In fewer than 15 minutes of action last night, junior welterweight contenders Jose Zepeda and Ivan Baranchyk put on an almost cartoonishly physical showcase inside the Top Rank Vegas bubble. The junior welterweight contenders combined for eight knockdowns across five rounds in a classic that ended when Zepeda put away his opponent with a truly scary finisher.
Zepeda had been knocked down only once in 36 pro bouts entering Saturday, but he hit the canvas twice in the first three minutes of the fight, as Baranchyk devoured his adversary with a level of power that had ESPN's announcers quoting Ivan Drago. In the second round, everything got silly. Zepeda came back 50 seconds in to drop Baranchyk with a flurry of head blows, but as he moved in on the unsteady Belarusian to try and seal the deal, he found himself crushed by a big right.
The intensity only increased from there, as both fighters got even less interested in playing defense and more intent on finishing things early. Baranchyk got up and still looked composed after a knockdown in the third, but as he relentlessly hunted for another one of his own in the fourth, Zepeda caught him with a booming left to the chin. That evened the knockdowns at three apiece. Somehow, that wasn't the end.

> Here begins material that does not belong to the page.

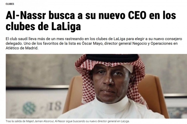 Majed Jaman Alsorour离任后,利雅得得胜一直在寻找合适的接替东谈主选,马约是备受喜欢的候选者之一。马约在西甲定约中证实出色,他通过后生才俊禁受参预西甲定约,并于2017年底进步为国外发展总监,认真生意和品牌引申使命。2021年,他成为特巴斯的给力助手,并在与CVC基金的历史性合同中证实了要津作用,这为西甲俱乐部共注入了近20亿欧元的资金。

Both fighters finally seemed to be showing the toll of the first 12 minutes as they slugged it out in the fifth, but Baranchyk appeared to have the upper hand when he muscled Zepeda into the corner ropes for the night's seventh knockdown. But as soon as the two reset and squared off again, a thundering left from Zepeda ended the night, knocking out Baranchyk in the literal sense.
Baranchyk stayed down for several minutes, but did manage to get up on his own before being taken to the hospital, reportedly as a precaution. There's no reason to believe that he suffered a serious injury; Sports Illustrated reports that he is "doing well" and simply awaiting a few more tests. But as former undisputed king of the light welterweights Terence Crawford noted this morning, there's something at least a little disturbing about the contrast between the deliriously entertaining fight and the sobering reality of Baranchyk out cold in the ring.
For a fan, an eight-knockdown fight is, frankly, the kind of thing you hope for every time you turn on a boxing match. But for Zepeda and Baranchyk, fighting in an empty arena for a TV-only crowd, that's eight times in the span of about 20 real-time minutes that one of them had to pick themselves up after being smashed until they could no longer stand, culminating in a final blow that took a worryingly long amount of recovery time. Does that kind of punishment make the fight less engaging, less thrilling, or—to cut right to the point—less fun? Well, maybe. But if it weren't for its chaotic brutality, nobody would care.